If celebrations are important to the two of you, mark them in your notebooks and be sure to find a place for them in your personal creed and couple’s creed. I hope you find a place for festivity in your creed. ~smile~
Do You Need Boundaries Around Your Celebrations?
Before closing out this post, I feel compelled to ask: Have you had the all-important discussion, “Where will we spend Thanksgiving and Christmas?” In some cases, holiday plans work out smoothly, especially when parents live in different areas. For example, “This year we will do Thanksgiving in PA and Christmas in SC. Next year we will flip, and the third year, they will come to us!” But, in other cases, holidays are when the manipulation monster rears its ugly head.

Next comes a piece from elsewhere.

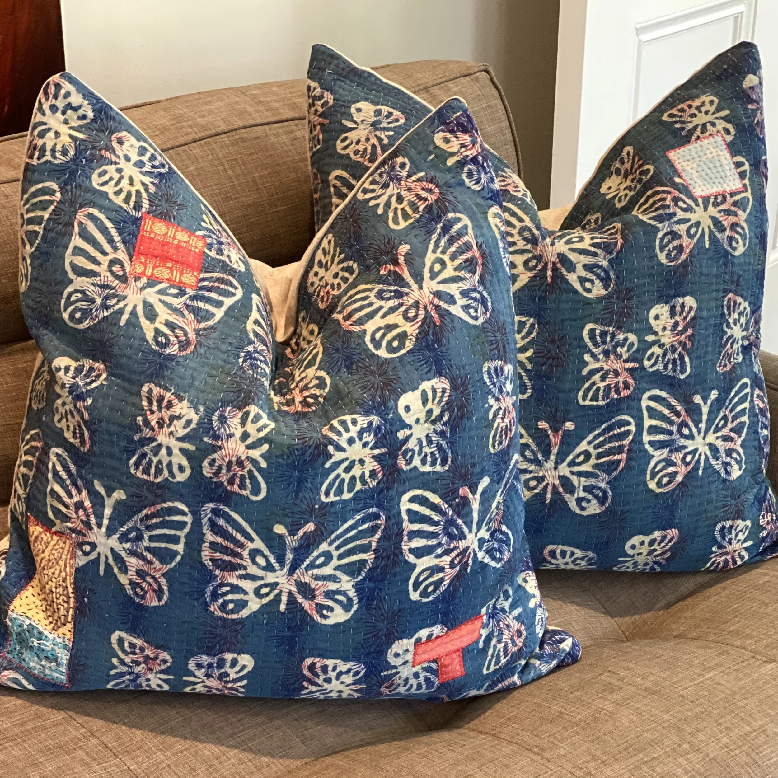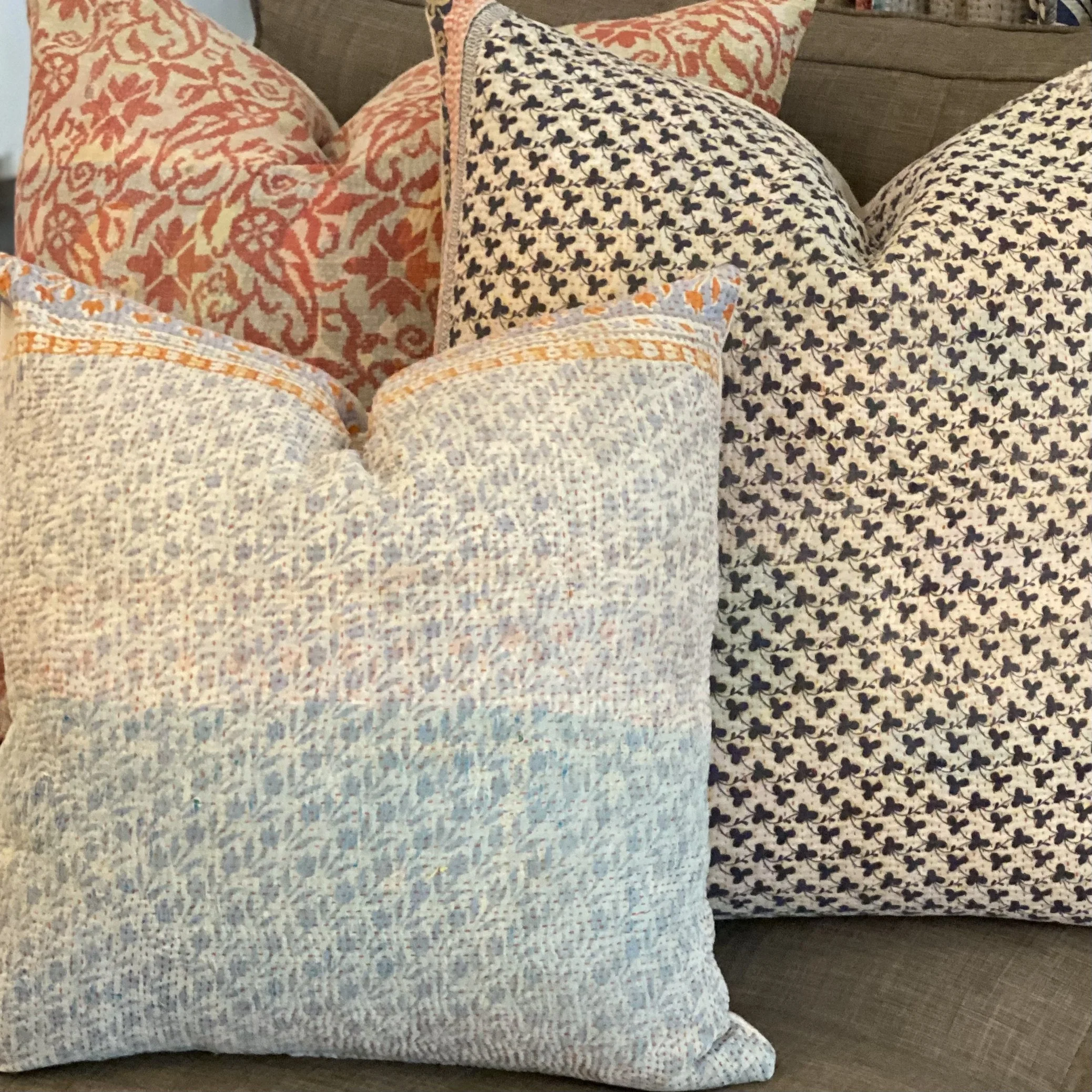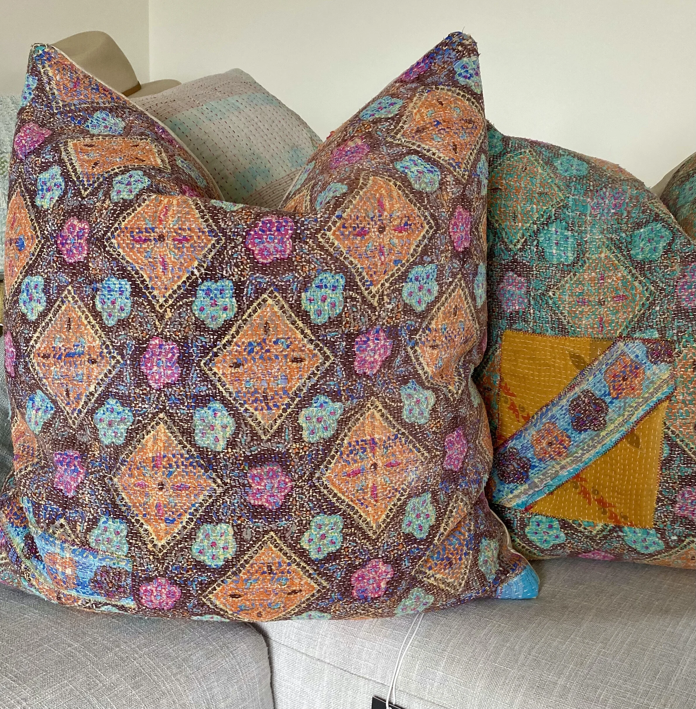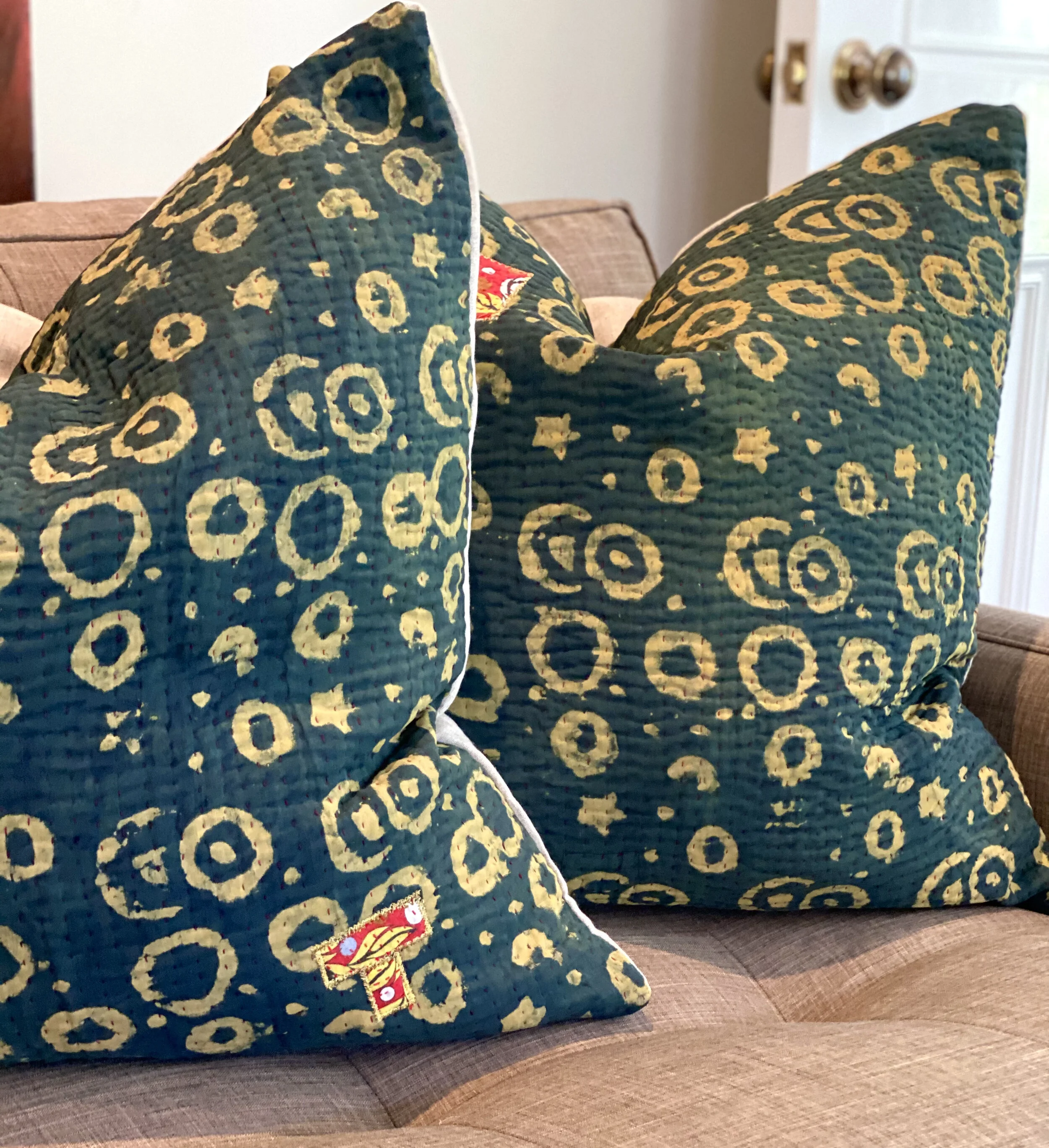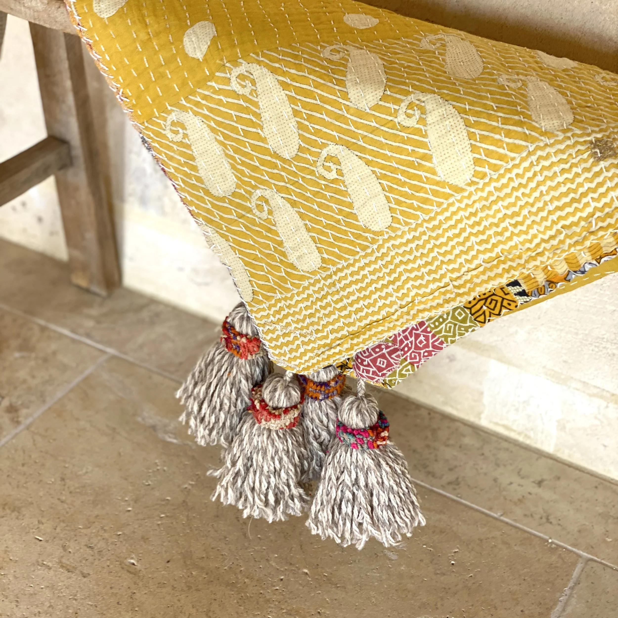 The Face - The face of our pillows are made with organic hand stitched tribal vintage kantha textiles.

- What do you mean you can’t come for Christmas? You have never spent a Christmas away from us. His parents have five children! Why should they get you, too, when you are the only child we have?
- Oh, it’s a shame you cannot come for Thanksgiving. We planned the whole menu around you and your allergies, but maybe they will take some of this stuff back. Or, we’ll mail it to you. Heaven knows we don’t need it.
- We are coming to your house for your birthday!!! I’ll bring all the food!!!
Overreaching family can put a young couple into a tight spot. They do not want to disappoint their families or each other. So, if you are planning to get married soon, it is time to talk about your typical celebrations, what is most and least important to you, and how you can compromise to make holidays less stressful. With marriage comes change, and one of those changes is how you celebrate holidays. Before bringing your family into the discussion, hash it out in private. Make a plan. Be a united front. This is not to say your plans cannot change if agreed upon; but, if you do not have a strategy going in, it will be easier for your families to pit you against each other.
Happy Anniversary, Eric!
My sweet man, I wish you a super Happy Fourteenth Anniversary! These years have been an adventure. Let’s see what else God has in store for us.
Grow old along with me!
The best is yet to be,
The last of life, for which the first was made:
Our times are in His hand
Who saith “A whole I planned,
Youth shows but half; trust God: see all, nor be afraid!” – Robert Browning
We were together. I forget the rest. – Walt Whitman
What do you each believe about the importance of celebrations?